Indeed, “Just 10 days before the vote, the new surveys depicted a dramatically tightening race after months in which the ‘no’ side appeared to hold a comfortable lead. Although both sides have questioned the accuracy of the Internet-based polls, the pro-independence camp immediately claimed the momentum.”

In fact, until last month, Scottish naysayers (those who wish to remain in the United Kingdom) accounted for between 60 and 70 per cent of intended voters. The ‘yes’ forces, in contrast, had trouble breaking above 40 per cent. Now, it seems, those in favour of Scottish independence are nudging the 52 per cent mark.

This is why those of us who know a little something about statistics, approach all numbers meant to startle, scare or otherwise provoke only warily.

Still, election polls are notorious, not so much for their inaccuracy but for their unreliability from one day to the next.

For this reason, they’re also the source of some of the most heated debates, sometimes eclipsing all other, more relevant, issues, as candidates desperately fear being trampled by the herd mentality on voting day.

Indeed, when the circumstances are ripe, even some pollsters will wade into the fray.
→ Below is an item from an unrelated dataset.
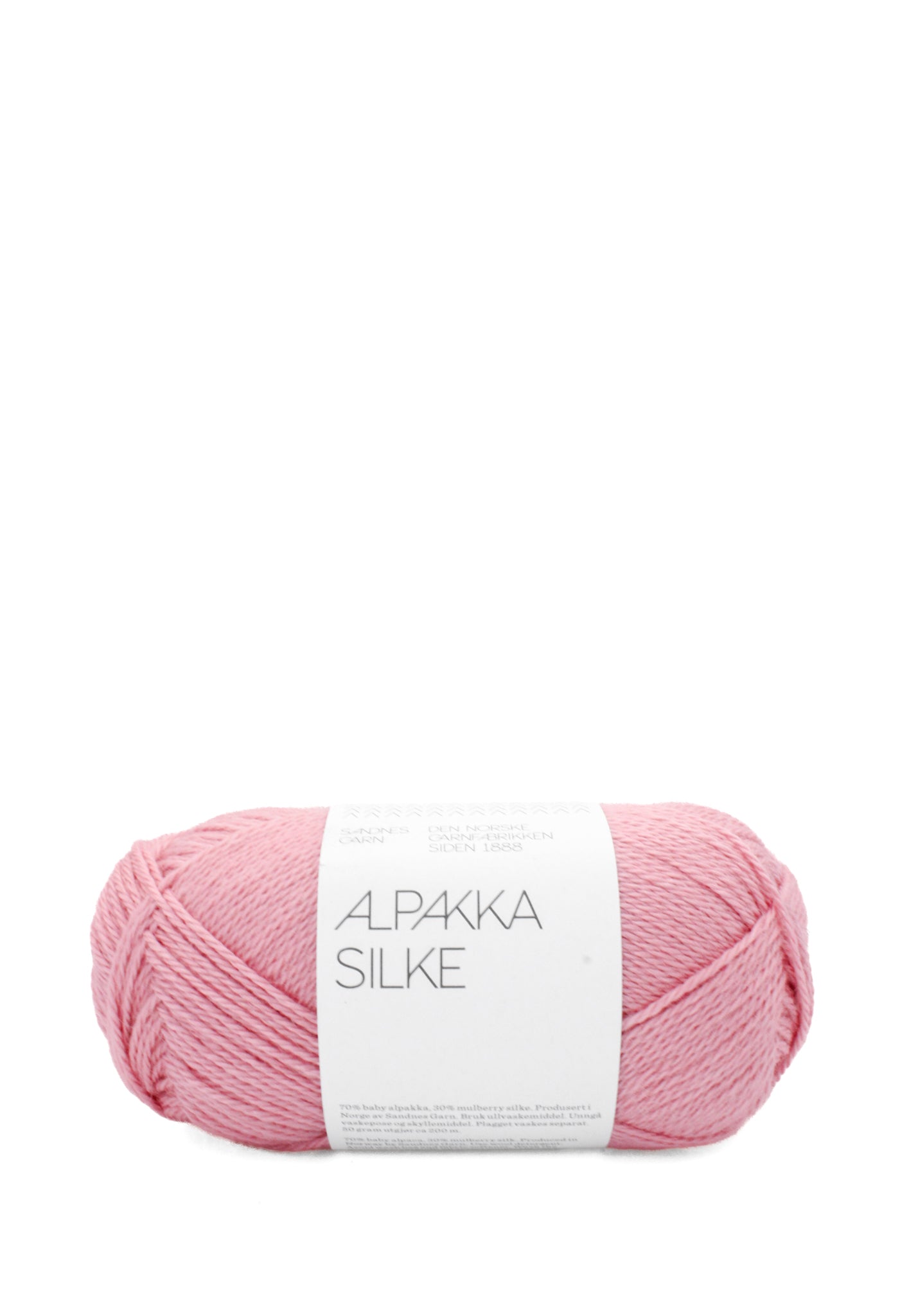 Alpakka Silke combines high-grade baby alpaca and mulberry silk for a has light, ultra-soft yarn with shine and drape. Fine enough to pair with a mohair, yet perfect on it's own for a delicate garment or accessory. Combine with matching colourways in other Sandnes Garn yarns such as Tynn Silk Mohair.

Witness, for example, Corporate Research Associates chairman and CEO Don Mills last week instructing his lawyers to fire off a stern missive to New Brunswick Progressive Conservative Leader David Alward regarding some unfortunate wording the latter deployed during one of his many stump stops around the province.

“CRA has been great over the years at playing games,” Alward had told an audience of supporters, following the release of its latest polling data showing the Liberals ahead of the PCs in popular support (49 versus 29 per cent). 

“You only have to go back to the last election when in the weekend leading up to the voting, they were saying it was too close to call or even that we were behind. In reality it was a 42 to 13 landslide.”

In a statement, Mr. Mills retorted: “Through hard work and diligence, CRA has built its reputation as a non-partisan public opinion polling company since its founding in 1978. Comments attributed to Mr. Alward impugn that reputation and imply bias in our work.”

If they do, it wouldn’t be the first time a frustrated politician has shot from the hip at political pollsters.

“Gov. Chris Christie wasted little time in taking aim at pollsters during his latest town hall event just as a recent poll found the governor’s job approval rating is plummeting amid the ongoing George Washington Bridge controversy,” reported PolitickerNJ last winer.

“The governor started the event discussing the weather, telling residents on another snowy day in the state that there are people in two professions who continue to get paid despite getting it wrong time after time. Meteorologists? Of course, he said. But according to New Jersey’s governor, there’s another group of workers in the same pool: Pollsters. ‘They don’t ever have to have it right,’ Christie said to laughs from the crowd.”

At best, political polling is an accurate snapshot of people’s opinions and attitudes at the time of asking. They can, and do, suggest longer-term trends. But the reliability of those trends is in direct proportion to the number of people who will never change their mind – who will, with an unshakeable faith in their own world view, vote as they say they will regardless of sound facts and arguments that militate for alternatives.

Fortunately, the world doesn’t work that way. Just ask the Scots.